Information provided:
====

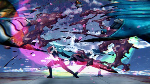 Interessant und ungewöhnlich zugleich ist der Animationsstil. Als würde man hier gezielt auf die Verbindung zu den namensgebenden Videospielen setzen, arbeitet man augenscheinlich viel mit Computereffekten. Die Aragami, die bösartigen übergroßen Monster, sind ohnehin alle als 3D-Modelle animiert eingefügt, was bei mir persönlich immer etwas die Atmosphäre zerstört (genauso, wie wenn bei One Piece z.B. das Piratenschiff das einzige nicht gezeichnete Element auf dem Bildschirm ist), bei God Eater sticht es aber tatsächlich kaum hervor, weil alles viel "künstlicher" wirkt als man es von Animes gewohnt ist. Vielleicht muss man es sehen, um zu verstehen, aber alles glänzt viel mehr. Im Gegensatz zu Attack on Titan sind wir hier wirklich in einem Sci-Fi-Szenario mit jeder Menge Computern, abgefahrenen Waffen und Kostümen, denen der computergemachte Glanz sogar steht. Und, wie gesagt, es erinnert stark an Cutscenes und Charakterdarstellungen in Videospielen.
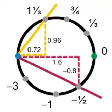 Voici un autre exemple de description du cercle. Prenons pour point de base le point de coordonnées (-1, 0) et traçons les différentes droites issues de ce point ; la droite de pente s recoupe le cercle en un point unique. La correspondance entre la pente de la droite et les coordonnées du point d'intersection est dans un sens :
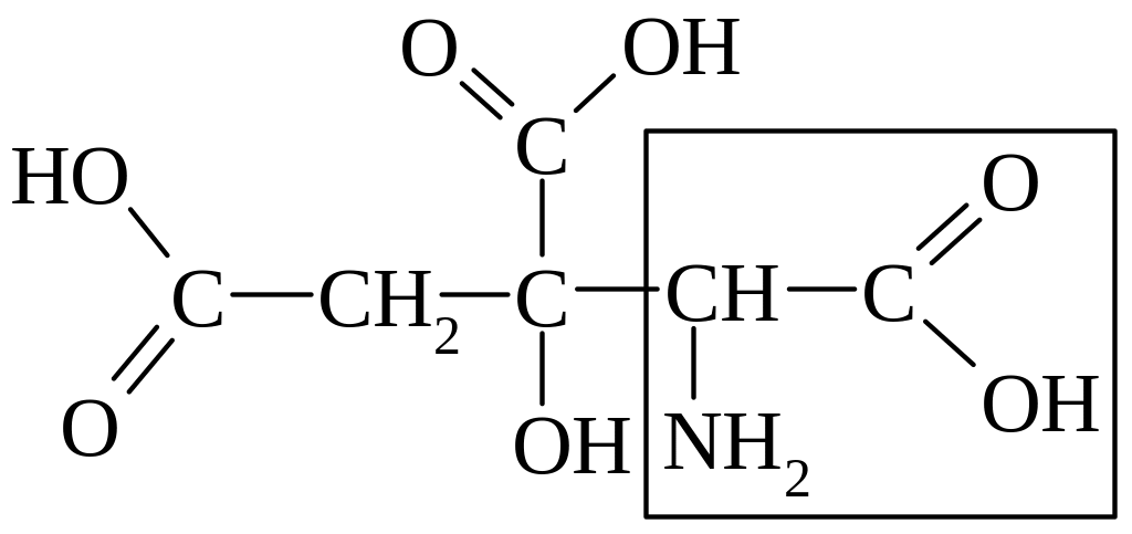 Амінолимонна кислота2, ‑аміно-β‑гідрокси-‑карбоксиглутарова кислота |
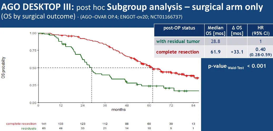 2020 年ASCO年会编号6000的口头报告公布了AGO DESKTOP III/ENGOTov20试验的最终研究结果,也是大家拭目以待的研究,与前期中期数据分析报道的不同是得到了OS和TFST的数据。研究结果显示:相比单纯含铂联合化疗组,二次减瘤术联合含铂联合化疗组患者的OS、PFS和TFST均获益。同时研究发现手术+联合化疗组的死亡率和并发症不增加,研究还发现患者获益的关键在于“手术完全切除”,二次减瘤术有残留病灶,患者不能从中获益,甚至比单纯化疗更差。
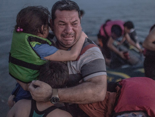 15 august 2015 – Un refugiat ce-şi ţine copiii în braţe plânge de fericire, după ce vasul în care se afla a ajuns pe ţărmul insulei greceşti Kos. Insulele din Marea Egee au fost luate cu asalt de refugiaţi, majoritatea sirieni.
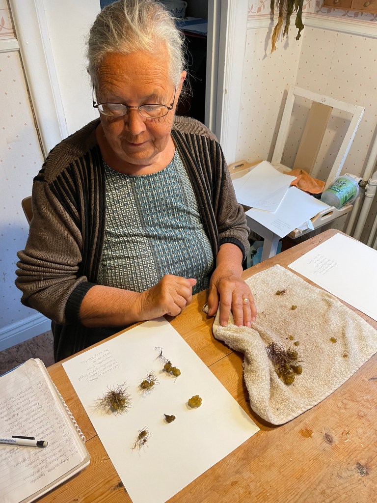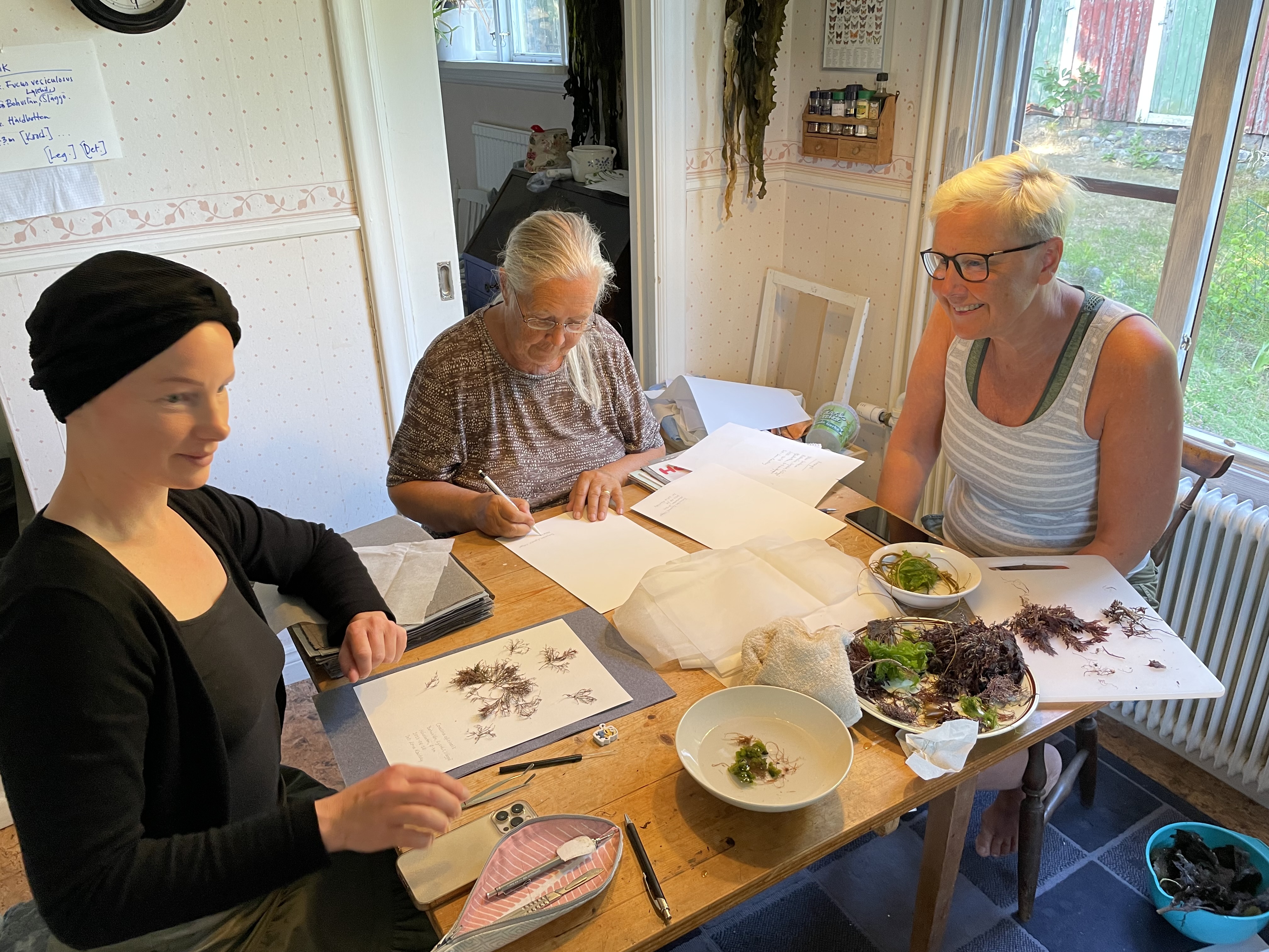 Det lilla köksbordet fylls av alger, papper och skratt när dagens insamlade material ska tas om hand.

====

Exercise goal: Without altering a word, return all of the records above and leave out their pictures.

Answer to the exercise:
 Interessant und ungewöhnlich zugleich ist der Animationsstil. Als würde man hier gezielt auf die Verbindung zu den namensgebenden Videospielen setzen, arbeitet man augenscheinlich viel mit Computereffekten. Die Aragami, die bösartigen übergroßen Monster, sind ohnehin alle als 3D-Modelle animiert eingefügt, was bei mir persönlich immer etwas die Atmosphäre zerstört (genauso, wie wenn bei One Piece z.B. das Piratenschiff das einzige nicht gezeichnete Element auf dem Bildschirm ist), bei God Eater sticht es aber tatsächlich kaum hervor, weil alles viel "künstlicher" wirkt als man es von Animes gewohnt ist. Vielleicht muss man es sehen, um zu verstehen, aber alles glänzt viel mehr. Im Gegensatz zu Attack on Titan sind wir hier wirklich in einem Sci-Fi-Szenario mit jeder Menge Computern, abgefahrenen Waffen und Kostümen, denen der computergemachte Glanz sogar steht. Und, wie gesagt, es erinnert stark an Cutscenes und Charakterdarstellungen in Videospielen.
 Voici un autre exemple de description du cercle. Prenons pour point de base le point de coordonnées (-1, 0) et traçons les différentes droites issues de ce point ; la droite de pente s recoupe le cercle en un point unique. La correspondance entre la pente de la droite et les coordonnées du point d'intersection est dans un sens :
 Амінолимонна кислота2, ‑аміно-β‑гідрокси-‑карбоксиглутарова кислота |
 2020 年ASCO年会编号6000的口头报告公布了AGO DESKTOP III/ENGOTov20试验的最终研究结果,也是大家拭目以待的研究,与前期中期数据分析报道的不同是得到了OS和TFST的数据。研究结果显示:相比单纯含铂联合化疗组,二次减瘤术联合含铂联合化疗组患者的OS、PFS和TFST均获益。同时研究发现手术+联合化疗组的死亡率和并发症不增加,研究还发现患者获益的关键在于“手术完全切除”,二次减瘤术有残留病灶,患者不能从中获益,甚至比单纯化疗更差。
 15 august 2015 – Un refugiat ce-şi ţine copiii în braţe plânge de fericire, după ce vasul în care se afla a ajuns pe ţărmul insulei greceşti Kos. Insulele din Marea Egee au fost luate cu asalt de refugiaţi, majoritatea sirieni.
 Det lilla köksbordet fylls av alger, papper och skratt när dagens insamlade material ska tas om hand.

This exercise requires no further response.